Beginning with the line that has "遛娃車兒童三輪車腳踏車1-3-6嵗寶寶腳蹬車手推車輕便復古自行車" and ending with the line that has "سجل المنتخب المصري،", retype the entries below exactly, except for the pictures.
--*--
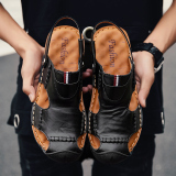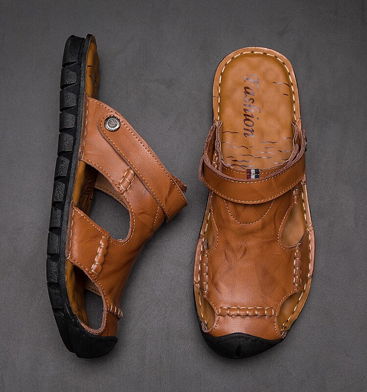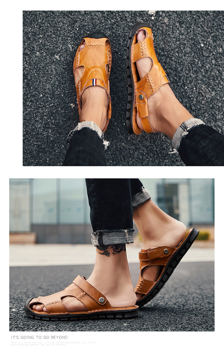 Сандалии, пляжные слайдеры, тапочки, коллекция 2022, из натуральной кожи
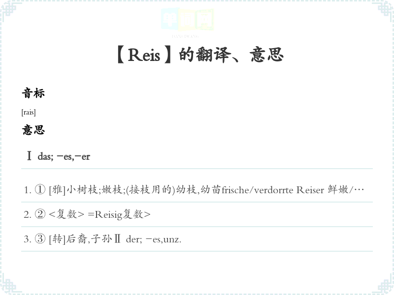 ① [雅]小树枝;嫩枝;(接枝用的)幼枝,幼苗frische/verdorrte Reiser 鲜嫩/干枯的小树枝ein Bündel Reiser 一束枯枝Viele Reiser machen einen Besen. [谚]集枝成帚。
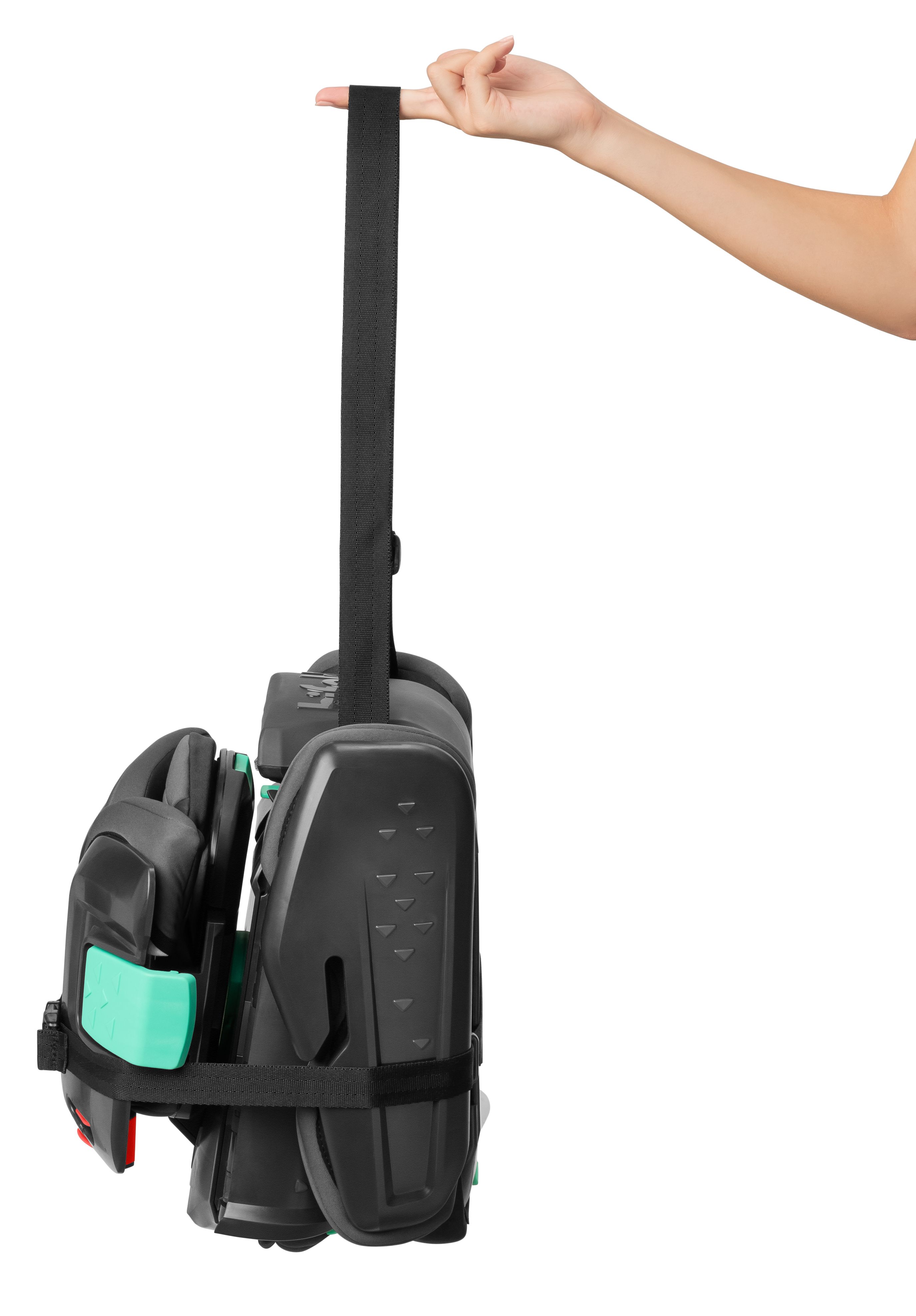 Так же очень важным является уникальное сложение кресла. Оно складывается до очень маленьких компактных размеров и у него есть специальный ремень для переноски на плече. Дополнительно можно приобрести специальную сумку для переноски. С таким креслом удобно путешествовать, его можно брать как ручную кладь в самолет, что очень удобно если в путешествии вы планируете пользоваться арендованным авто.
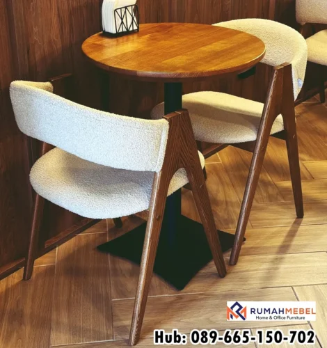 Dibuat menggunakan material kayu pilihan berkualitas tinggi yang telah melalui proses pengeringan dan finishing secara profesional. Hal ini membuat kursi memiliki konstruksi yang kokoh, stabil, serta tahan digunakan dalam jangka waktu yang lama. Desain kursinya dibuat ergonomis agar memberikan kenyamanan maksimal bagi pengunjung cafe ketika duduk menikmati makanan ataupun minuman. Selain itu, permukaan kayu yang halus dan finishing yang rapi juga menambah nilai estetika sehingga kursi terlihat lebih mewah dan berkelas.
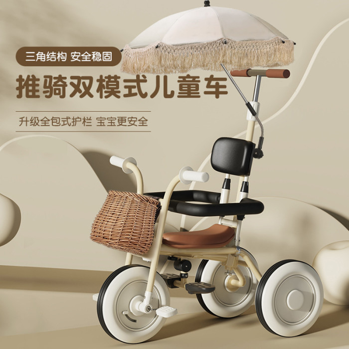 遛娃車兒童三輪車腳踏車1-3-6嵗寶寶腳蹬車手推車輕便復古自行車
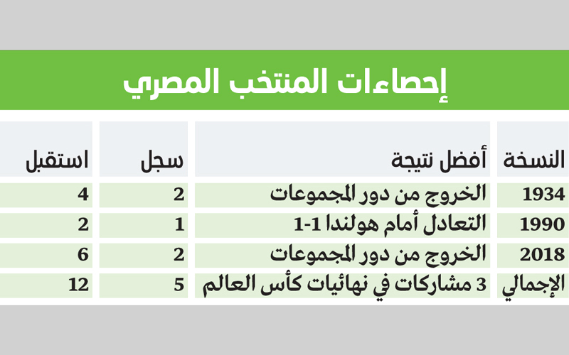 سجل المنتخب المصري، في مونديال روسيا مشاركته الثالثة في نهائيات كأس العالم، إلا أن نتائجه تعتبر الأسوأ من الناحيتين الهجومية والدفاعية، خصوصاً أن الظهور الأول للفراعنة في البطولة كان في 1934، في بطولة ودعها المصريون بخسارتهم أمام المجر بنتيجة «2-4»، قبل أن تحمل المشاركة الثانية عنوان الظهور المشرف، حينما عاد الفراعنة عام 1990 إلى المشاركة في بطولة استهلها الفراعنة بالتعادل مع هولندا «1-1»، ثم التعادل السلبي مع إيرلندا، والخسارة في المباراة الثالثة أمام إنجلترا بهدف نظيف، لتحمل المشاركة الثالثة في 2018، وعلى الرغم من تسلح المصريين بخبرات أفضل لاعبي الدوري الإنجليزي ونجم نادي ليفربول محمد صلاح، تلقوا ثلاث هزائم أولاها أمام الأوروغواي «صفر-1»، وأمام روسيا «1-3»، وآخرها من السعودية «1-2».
--*--
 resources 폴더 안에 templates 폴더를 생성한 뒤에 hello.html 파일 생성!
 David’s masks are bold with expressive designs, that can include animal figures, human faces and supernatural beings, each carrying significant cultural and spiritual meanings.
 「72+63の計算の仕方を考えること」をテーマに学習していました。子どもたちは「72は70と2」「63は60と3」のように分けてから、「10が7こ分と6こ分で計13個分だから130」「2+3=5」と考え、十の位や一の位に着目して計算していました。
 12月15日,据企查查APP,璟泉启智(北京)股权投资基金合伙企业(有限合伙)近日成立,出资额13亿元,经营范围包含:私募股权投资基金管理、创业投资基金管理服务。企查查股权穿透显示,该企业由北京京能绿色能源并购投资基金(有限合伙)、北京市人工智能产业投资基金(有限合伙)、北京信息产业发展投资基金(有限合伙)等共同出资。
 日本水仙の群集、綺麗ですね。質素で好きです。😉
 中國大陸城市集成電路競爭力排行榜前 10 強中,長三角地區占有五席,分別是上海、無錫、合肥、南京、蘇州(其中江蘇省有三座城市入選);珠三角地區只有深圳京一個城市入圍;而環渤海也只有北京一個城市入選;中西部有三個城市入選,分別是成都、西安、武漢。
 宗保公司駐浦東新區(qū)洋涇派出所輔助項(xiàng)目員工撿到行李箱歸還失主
--*--
__WRITTEN REPLY__.
 遛娃車兒童三輪車腳踏車1-3-6嵗寶寶腳蹬車手推車輕便復古自行車
 سجل المنتخب المصري، في مونديال روسيا مشاركته الثالثة في نهائيات كأس العالم، إلا أن نتائجه تعتبر الأسوأ من الناحيتين الهجومية والدفاعية، خصوصاً أن الظهور الأول للفراعنة في البطولة كان في 1934، في بطولة ودعها المصريون بخسارتهم أمام المجر بنتيجة «2-4»، قبل أن تحمل المشاركة الثانية عنوان الظهور المشرف، حينما عاد الفراعنة عام 1990 إلى المشاركة في بطولة استهلها الفراعنة بالتعادل مع هولندا «1-1»، ثم التعادل السلبي مع إيرلندا، والخسارة في المباراة الثالثة أمام إنجلترا بهدف نظيف، لتحمل المشاركة الثالثة في 2018، وعلى الرغم من تسلح المصريين بخبرات أفضل لاعبي الدوري الإنجليزي ونجم نادي ليفربول محمد صلاح، تلقوا ثلاث هزائم أولاها أمام الأوروغواي «صفر-1»، وأمام روسيا «1-3»، وآخرها من السعودية «1-2».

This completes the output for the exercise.